* [PROBLEM TO WORK ON]: Look through the listing below and write out exactly the lines from the line with "セオリー Theory カットソー" to the line with "DZ489E-18K黄红宝石精品耳饰", both included, and no others.

* [SUPPLIED DATA]:
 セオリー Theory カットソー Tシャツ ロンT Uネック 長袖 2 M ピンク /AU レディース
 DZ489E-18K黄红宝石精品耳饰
* * *
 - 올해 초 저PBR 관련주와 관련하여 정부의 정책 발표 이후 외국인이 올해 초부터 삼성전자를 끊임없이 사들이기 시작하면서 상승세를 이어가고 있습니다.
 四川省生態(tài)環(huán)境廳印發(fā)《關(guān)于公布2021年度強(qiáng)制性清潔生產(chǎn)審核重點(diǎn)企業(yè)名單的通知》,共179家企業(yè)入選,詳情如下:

* [ANSWER SECTION]:
 セオリー Theory カットソー Tシャツ ロンT Uネック 長袖 2 M ピンク /AU レディース
 DZ489E-18K黄红宝石精品耳饰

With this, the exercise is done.